8.5/10Magasin général - Tome 1 - Marie

/ Critique - écrit par iscarioth, le 22/03/2006
Notre verdict : 8.5/10 - Une bien belle alchimie (Fiche technique)

Tags : magasin loisel marie tripp tome regis jean

Techniquement parfait, scénaristiquement très ancré dans le quotidien, Magasin général est une incontestable réussite.

Tabernac', quelle équipe !

Il était très attendu, ce nouveau projet de Régis Loisel, le fameux dessinateur de la Quête de l'oiseau du temps et auteur de Peter Pan. Avec Magasin Général, Loisel retrouve le travail en équipe. Lui et Jean-Louis Tripp ne se sont pas divisé mais partagé le travail : ils ont scénarisé et dessiné à quatre mains. En préface de ce grand et large album (quatre-vingts pages), on nous présente les « deux étapes » de l'élaboration d'une planche, le passage de relais entre les deux dessinateurs : Loisel met en scène, réalise les croquis et Tripp détaille et finalise la planche.

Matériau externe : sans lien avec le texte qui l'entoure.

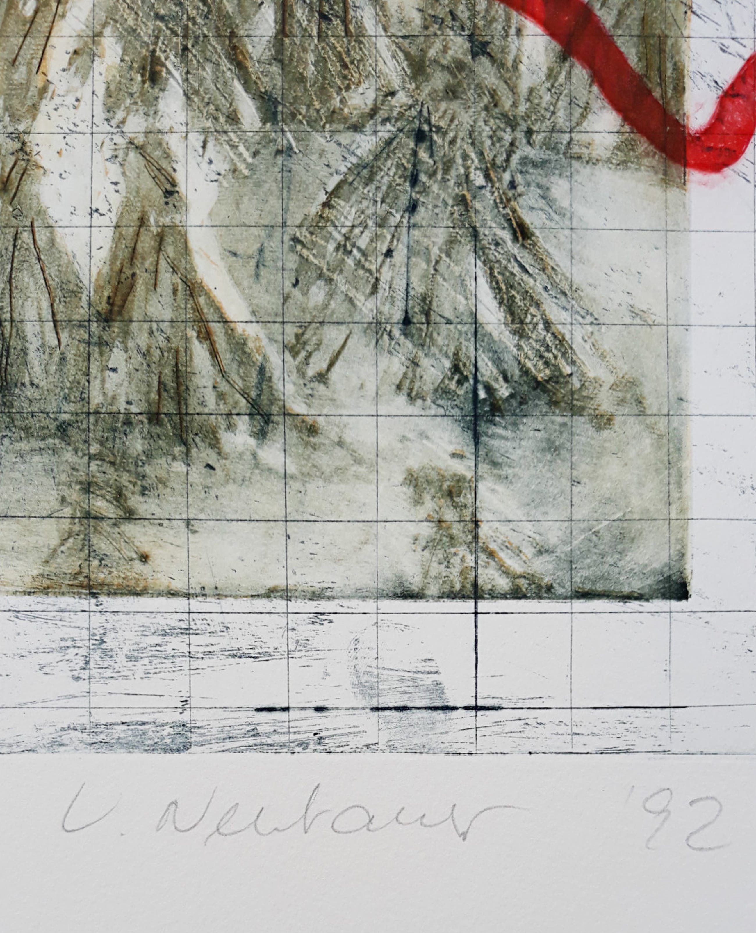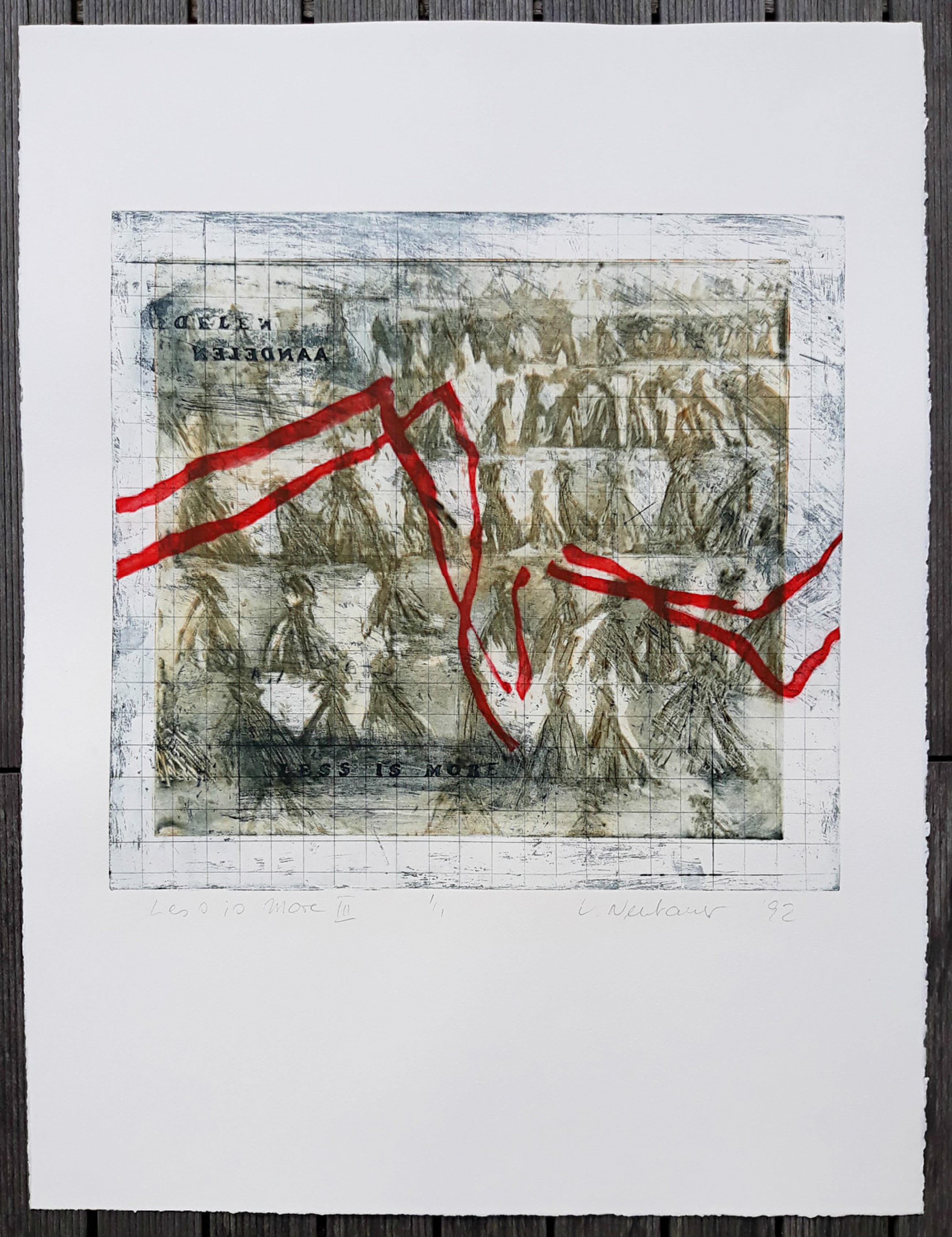 Karakteristiek werk van Ursula Neubauer. Aquatint ets op Arches papier, met potlood gesigneerd, gedateerd (‘92), getiteld en genummerd (1/1). Afkomstig uit de kunstcollectie van ABNAMRO, in mint conditie.

Force est de constater que le mariage des deux styles donne un résultat très convaincant, alliant maîtrise des plans et mouvements et sens du détail. Il faut rajouter à notre duo de dessinateurs-scénaristes un troisième homme : Jimmy Beaulieu, un auteur BD québécois que Loisel et Tripp ont chargé de travailler les dialogues de l'album pour qu'ils soient à la fois caractéristiques du parler québécois tout en demeurant accessibles aux lecteurs du reste de la francophonie. Quatrième et dernier auteur à citer sur ce projet, François Lapierre, dont ont a pu lire la série Sagah-Nah, parue chez Soleil, qui officie sur Magasin Général à la coloration. Une bien belle alchimie, doit-on avouer, tant ce premier tome excelle à tous les niveaux de responsabilité : scénario, dessins, dialogues et couleurs.

Un long fleuve tranquille


Venons en à l'histoire. Magasin général raconte la vie paisible d'une petite communauté d'habitants : Notre-Dame-des-Lacs, au Québec, dans les années quarante. Le portrait de ce petit village est très agréable et pittoresque. On nous rapporte de multiples profils très diversifiés : le curé casanier, le vieil ermite bourru, l'aveugle vagabond et musicien, le simplet, les trois vieilles grenouilles de bénitier... Malgré la dureté du quotidien et les malheurs de la vie, Magasin général emploie un ton résolument optimiste, enjoué. Pas de brutale accélération, pas d'intrigue torturée, pas de héros, juste un quotidien qui coule, imperturbable, tel un long fleuve tranquille. Cette impression de bonne humeur, de bonheur de vivre est soutenue par des dialogues chargés en expressions, formules et jurons du parler québécois. « Hostie ! », « Maudit niaiseux ! », des échanges qui gonflent encore un peu plus la lecture en sourires. Le désavantage de ce genre de récit paisible et quotidien, c'est qu'il déplait fortement aux lecteurs qui ne supportent pas un album dans lequel « il ne se passe rien de spécial ». Pour apprécier Magasin Général, il ne faut pas forcément être un fan de la Quête de l'oiseau du temps ou de Peter Pan, Loisel changeant ici complètement de registre. D'ailleurs, cet album n'est pas à retenir que sur son seul nom. Comme expliqué en préface, Magasin Général est le produit d'une conjugaison de talents, c'est l'album d'un « auteur virtuel ».


Techniquement parfait, scénaristiquement très ancré dans le quotidien, Magasin général est une incontestable réussite. Deux autres tomes doivent sortir ces prochaines années. A noter, pour les grands fans de ce premier épisode, la sortie de L'arrière boutique du magasin général, détaillant toutes les étapes de la création de l'album.